> Assignment:
Your answer must match, word for word, the lines from the one holding "Saténový kvet žltý" through the final line below, with pictures excluded.

> Source material:
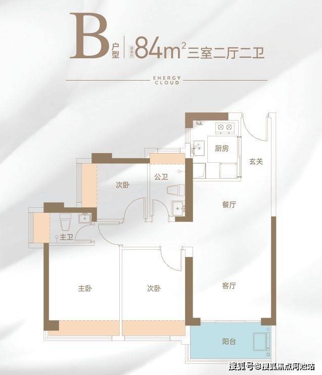 84㎡三房户型,格局跟89㎡的差不多,但跟市场上产品比,同等面积做到了少有的2卫。
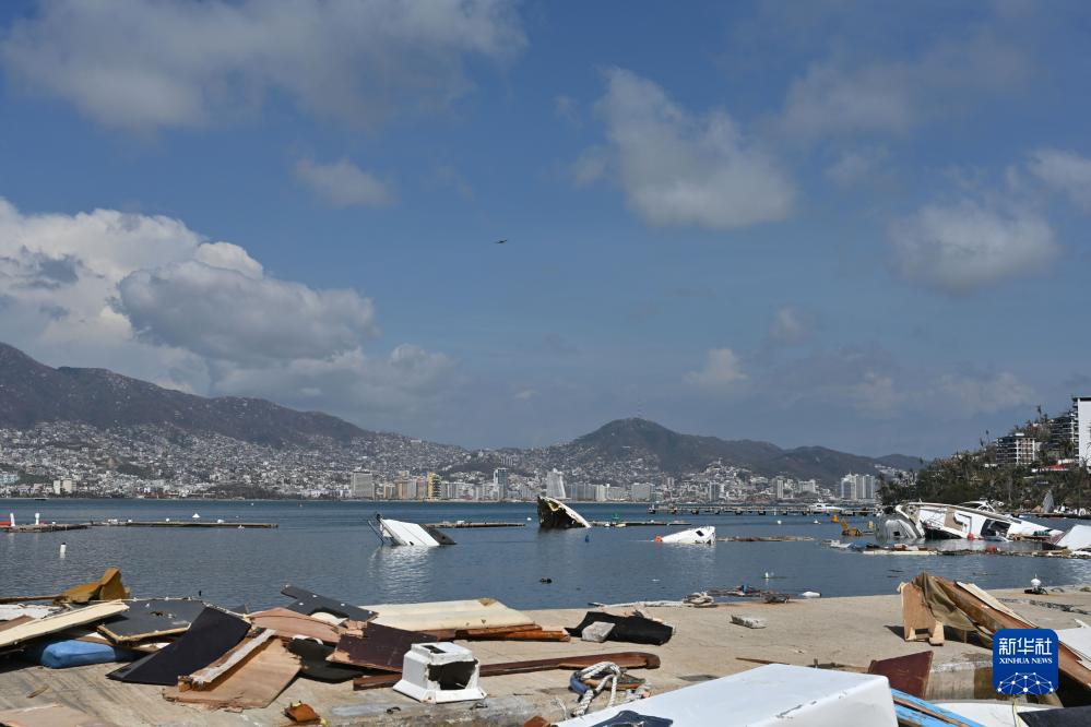 這是10月27日在墨西哥格雷羅州阿卡普爾科拍攝的被颶風“奧蒂斯”損壞的海灘。
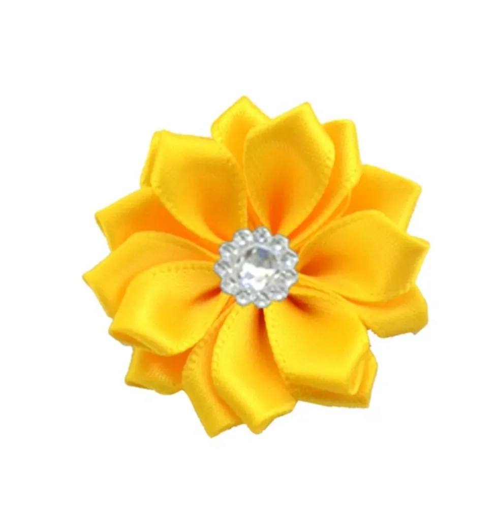 Saténový kvet žltý s kamienkom v priemere 4,5cm.
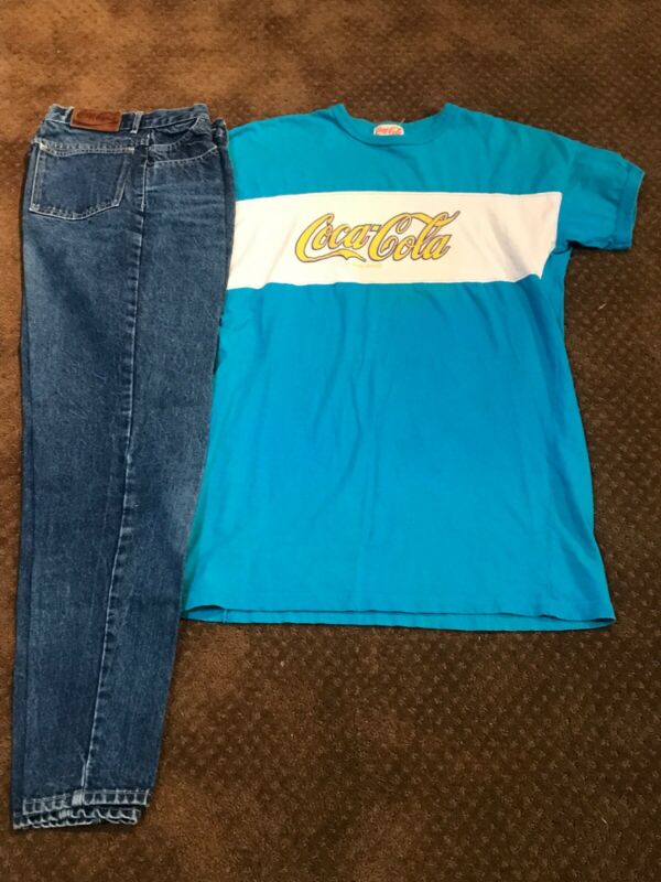 Title (ebay affiliate link): Vintage 1970s Official Coca-Cola Coke Outfit Shirt & Jeans Super Condition

> Solution for this exercise:
 Saténový kvet žltý s kamienkom v priemere 4,5cm.
 Title (ebay affiliate link): Vintage 1970s Official Coca-Cola Coke Outfit Shirt & Jeans Super Condition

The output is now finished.